- **Directions for this task**: No pictures go into the copy. Write out exactly the lines below from the one containing "Характеристи Grohe Eurostyle" through the one containing "Cárdigan de punto".

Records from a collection
>>>>>
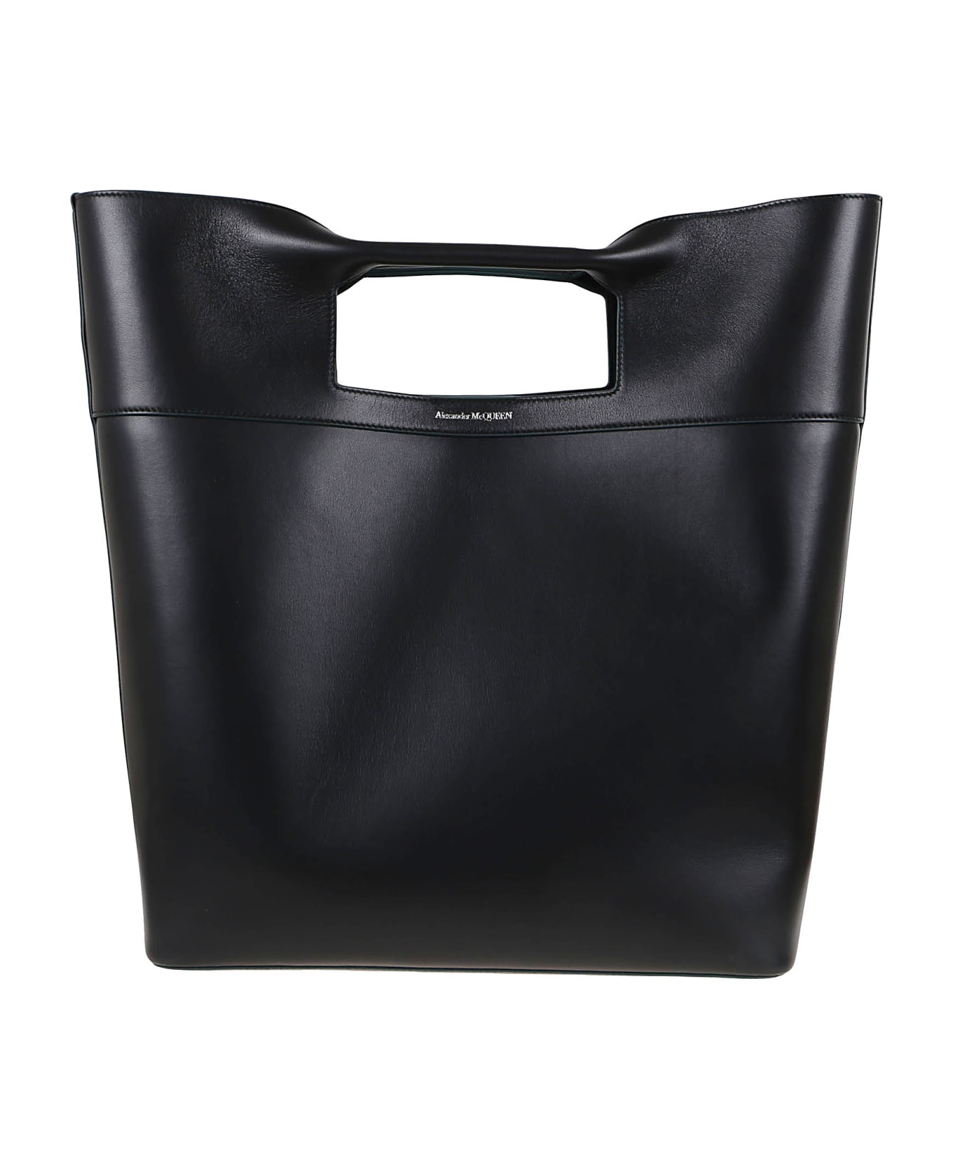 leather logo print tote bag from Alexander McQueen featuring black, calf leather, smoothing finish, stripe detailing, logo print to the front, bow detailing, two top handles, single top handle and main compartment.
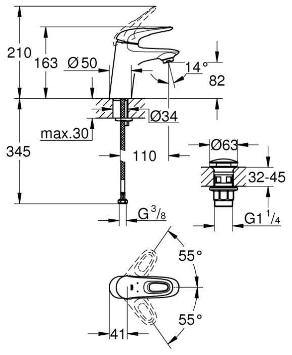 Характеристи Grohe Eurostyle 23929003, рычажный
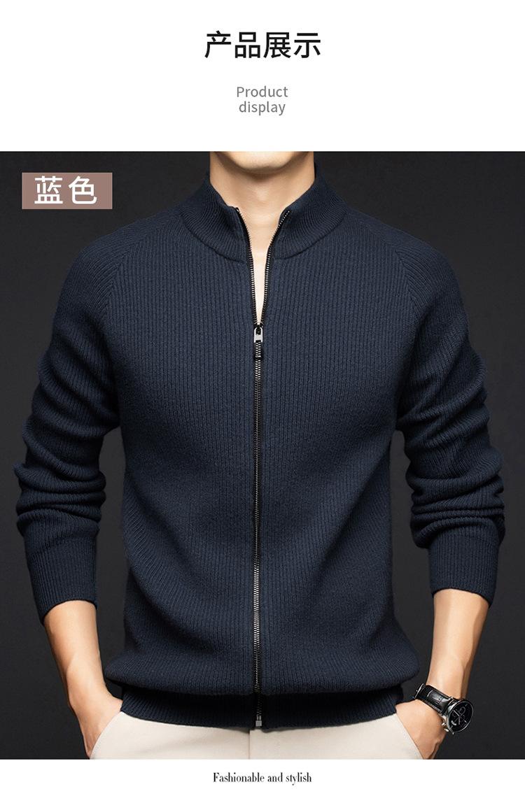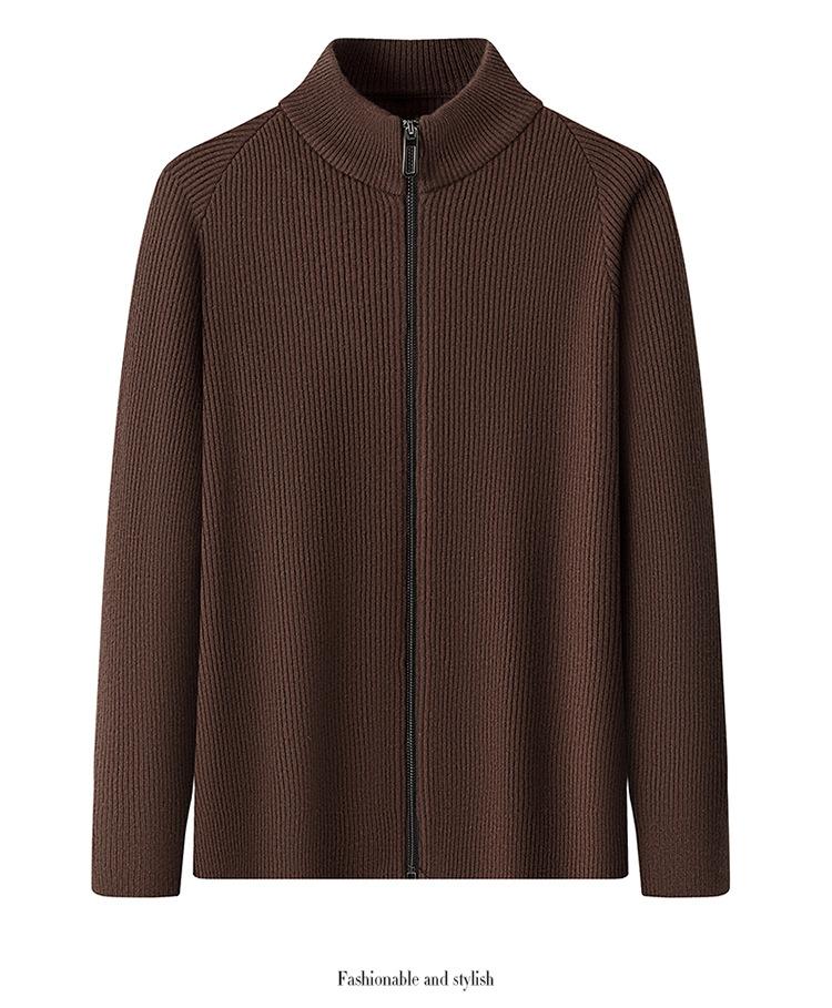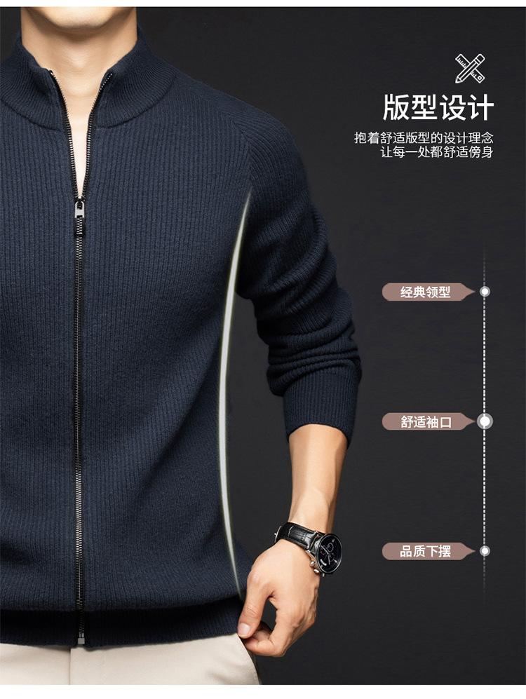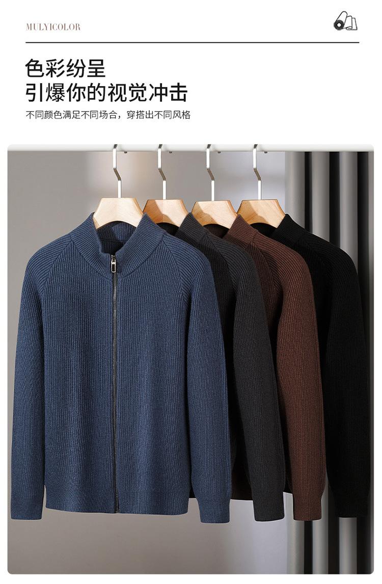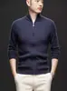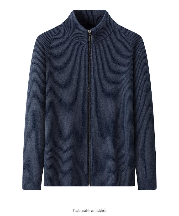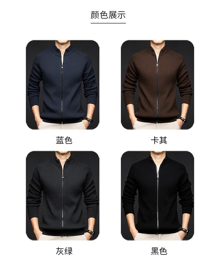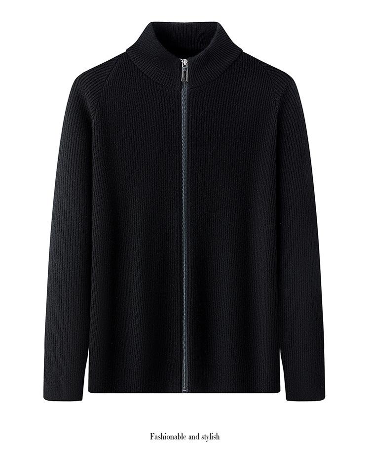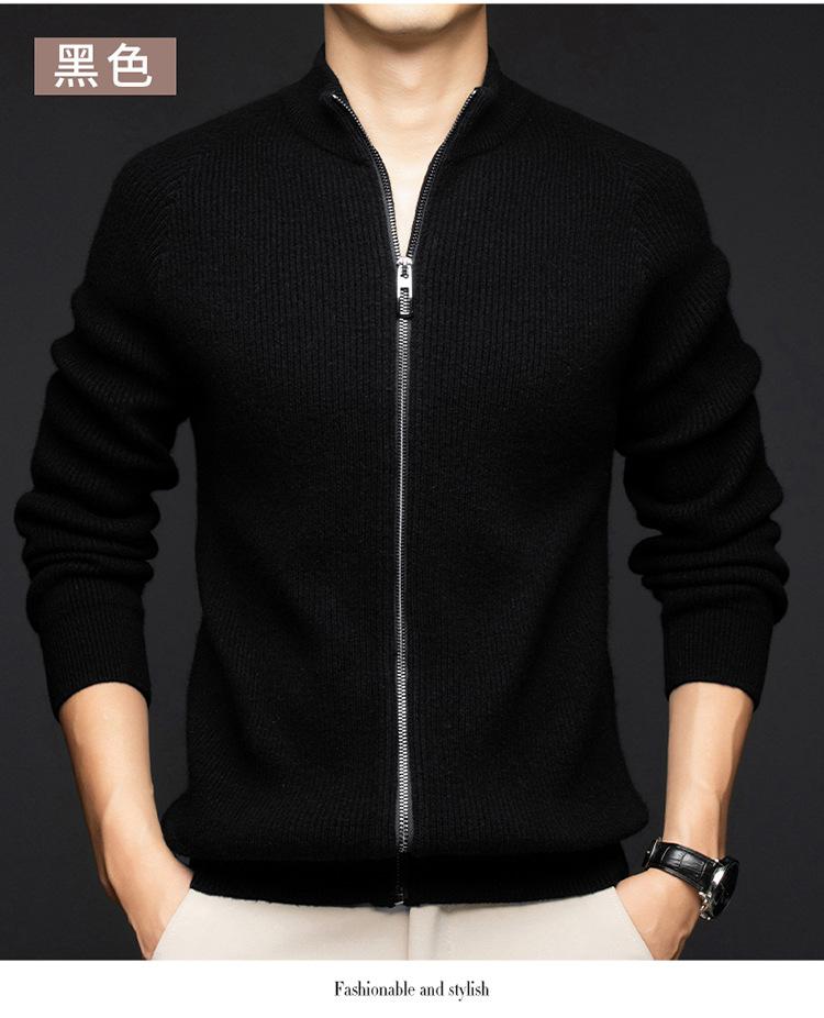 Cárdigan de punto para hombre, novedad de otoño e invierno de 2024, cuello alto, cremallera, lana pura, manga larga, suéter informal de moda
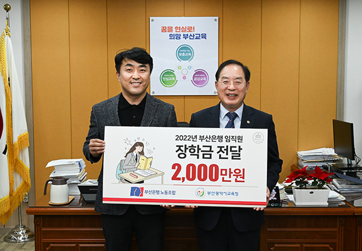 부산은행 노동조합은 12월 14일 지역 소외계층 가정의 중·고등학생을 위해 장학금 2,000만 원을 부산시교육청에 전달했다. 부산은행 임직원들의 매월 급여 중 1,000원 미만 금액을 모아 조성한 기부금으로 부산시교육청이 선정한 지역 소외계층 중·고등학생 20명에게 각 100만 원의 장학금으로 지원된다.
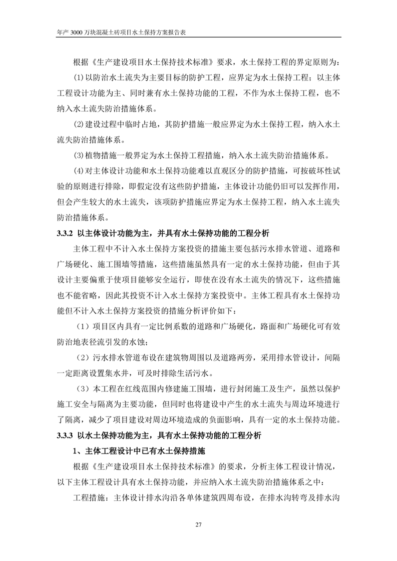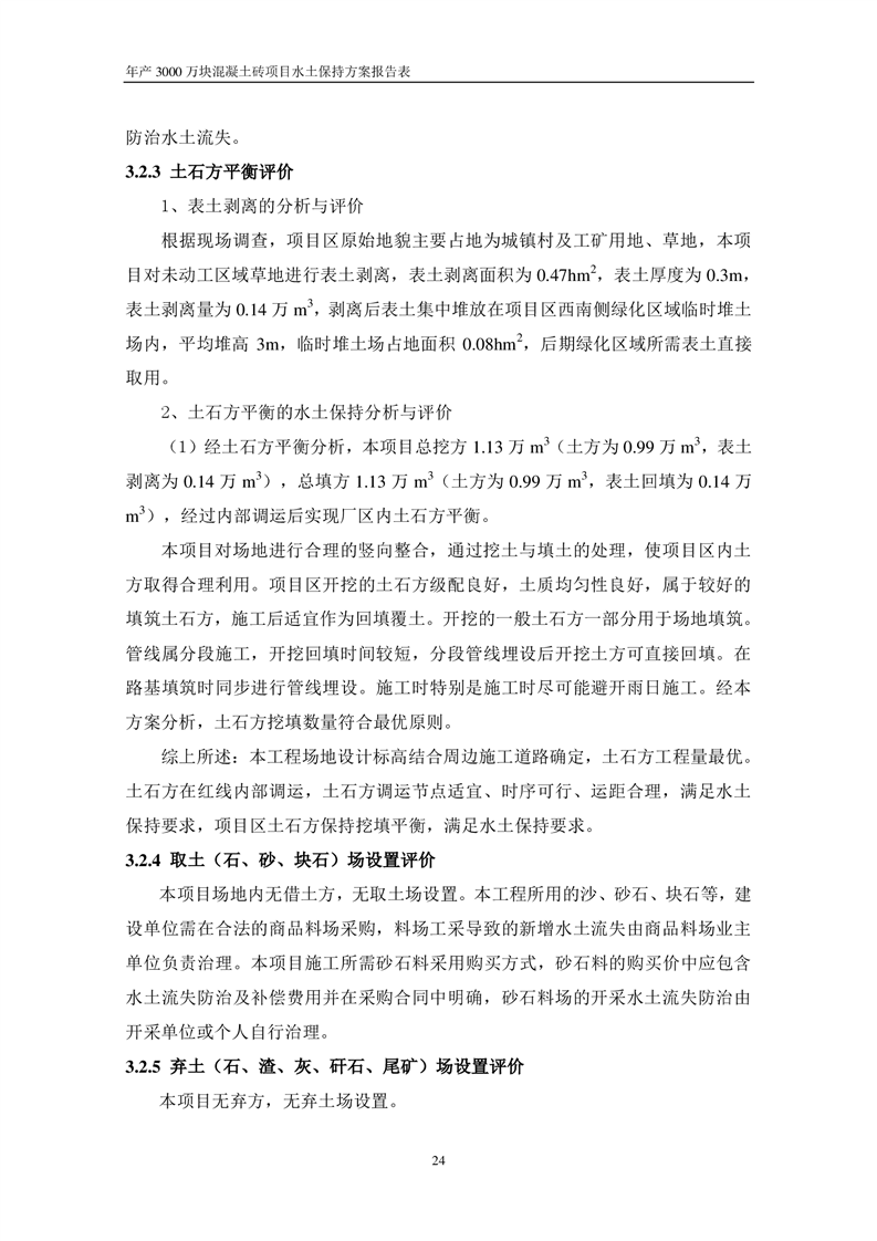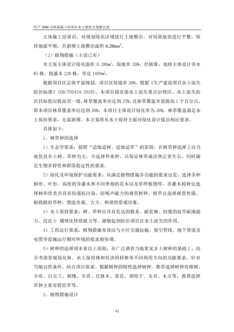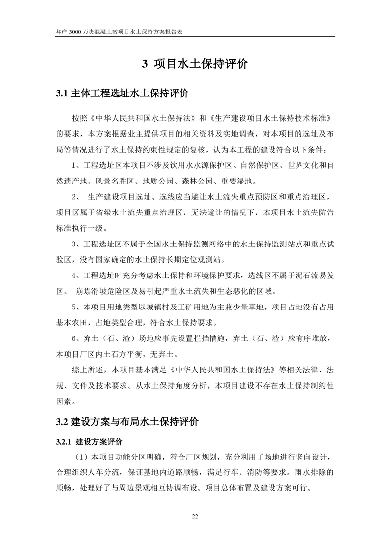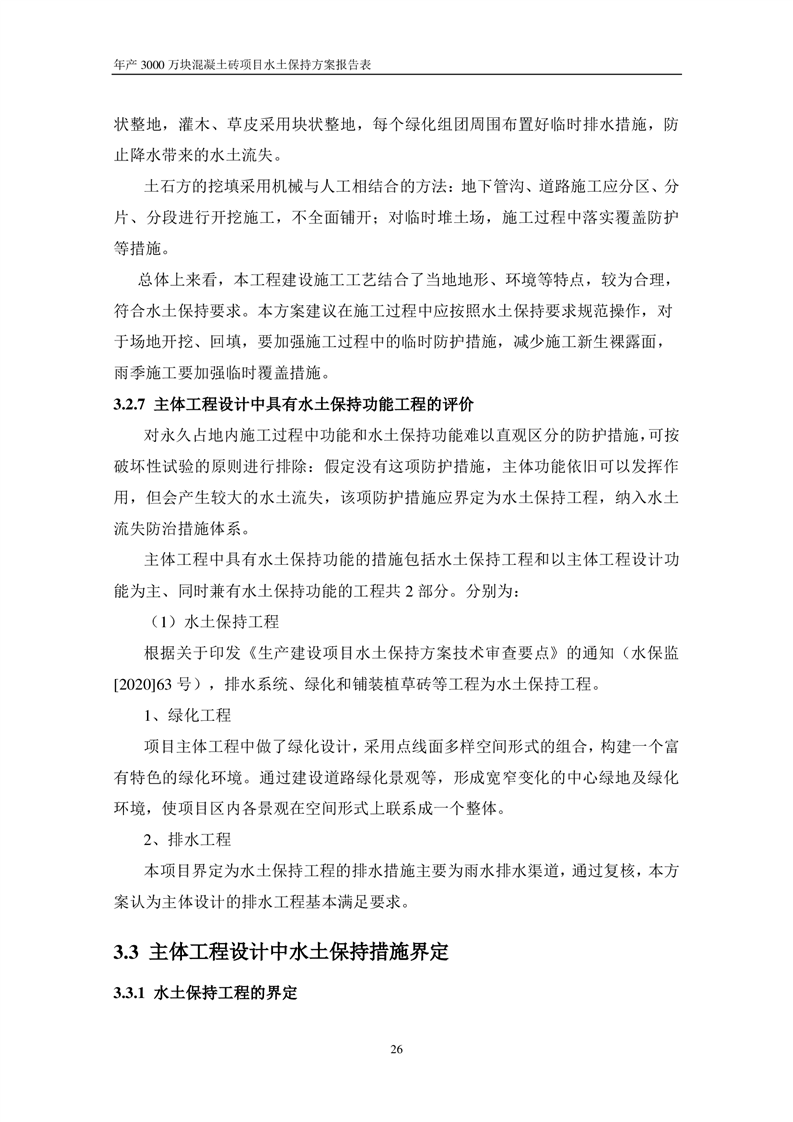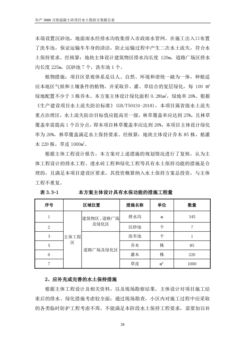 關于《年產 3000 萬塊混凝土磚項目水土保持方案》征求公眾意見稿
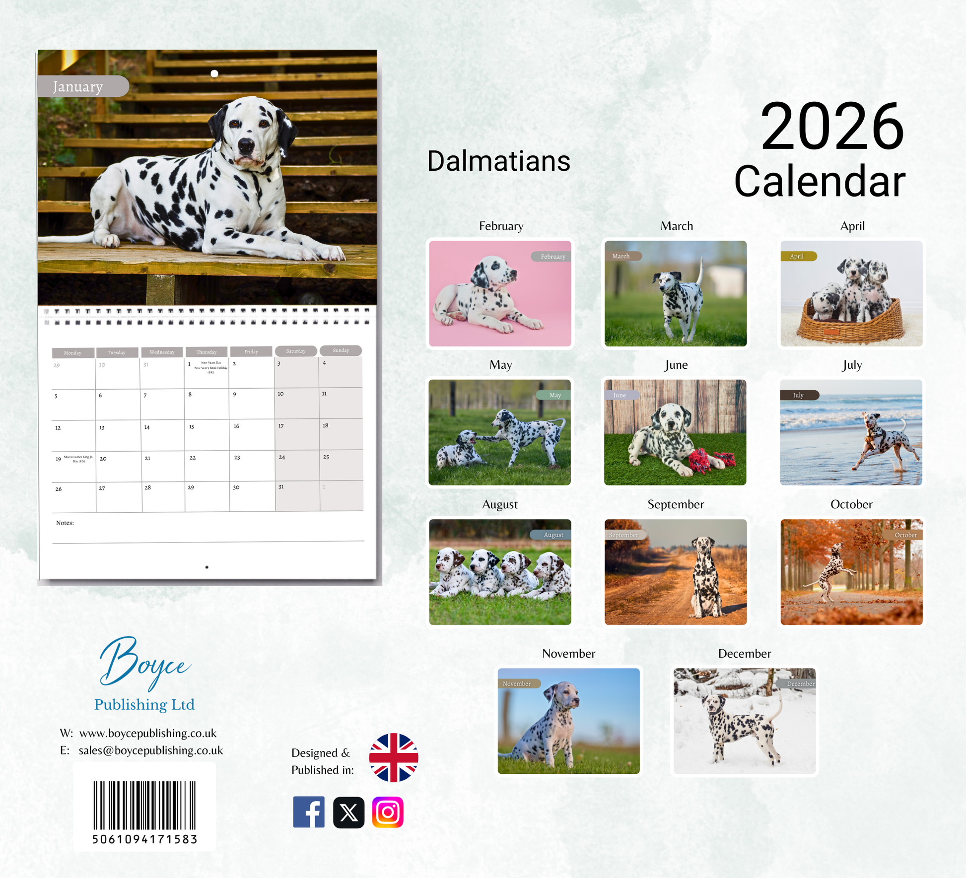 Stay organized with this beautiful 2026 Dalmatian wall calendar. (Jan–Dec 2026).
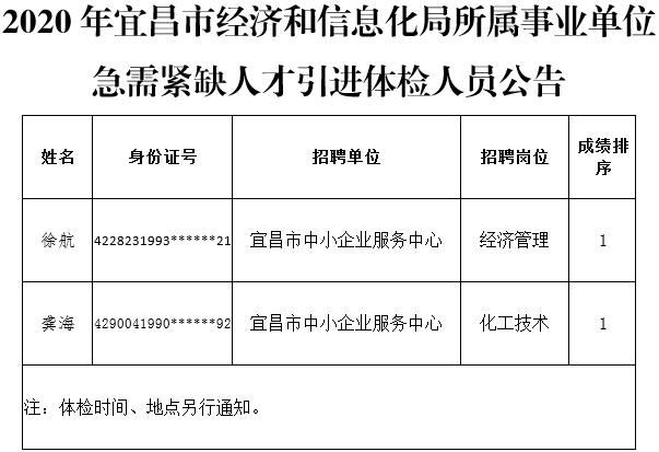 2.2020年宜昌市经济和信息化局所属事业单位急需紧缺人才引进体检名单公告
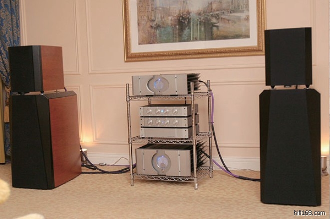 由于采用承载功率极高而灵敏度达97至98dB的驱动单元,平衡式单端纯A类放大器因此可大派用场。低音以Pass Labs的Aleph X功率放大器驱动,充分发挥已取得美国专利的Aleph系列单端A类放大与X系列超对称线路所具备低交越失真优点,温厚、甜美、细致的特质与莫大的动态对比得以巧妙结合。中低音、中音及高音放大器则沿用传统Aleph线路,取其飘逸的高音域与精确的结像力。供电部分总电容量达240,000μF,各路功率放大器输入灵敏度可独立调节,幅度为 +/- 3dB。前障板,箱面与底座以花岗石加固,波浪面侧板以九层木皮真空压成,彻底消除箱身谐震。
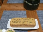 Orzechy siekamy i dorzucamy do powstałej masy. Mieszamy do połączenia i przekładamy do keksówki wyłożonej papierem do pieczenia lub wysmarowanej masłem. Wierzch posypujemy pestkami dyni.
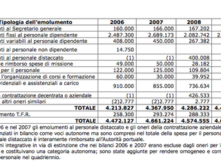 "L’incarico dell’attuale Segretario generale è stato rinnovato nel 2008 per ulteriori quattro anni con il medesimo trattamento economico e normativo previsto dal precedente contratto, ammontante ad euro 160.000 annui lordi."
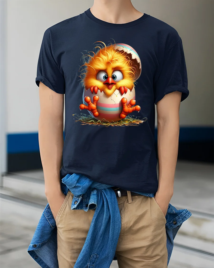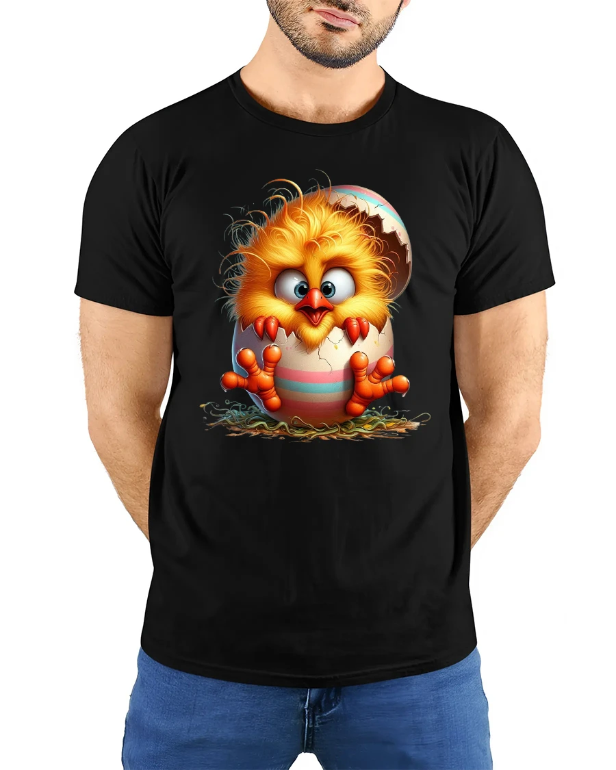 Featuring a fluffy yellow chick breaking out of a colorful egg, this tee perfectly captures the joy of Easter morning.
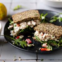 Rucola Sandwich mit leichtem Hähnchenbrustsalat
<<<<<
- **Written response**:
 Характеристи Grohe Eurostyle 23929003, рычажный
 Cárdigan de punto para hombre, novedad de otoño e invierno de 2024, cuello alto, cremallera, lana pura, manga larga, suéter informal de moda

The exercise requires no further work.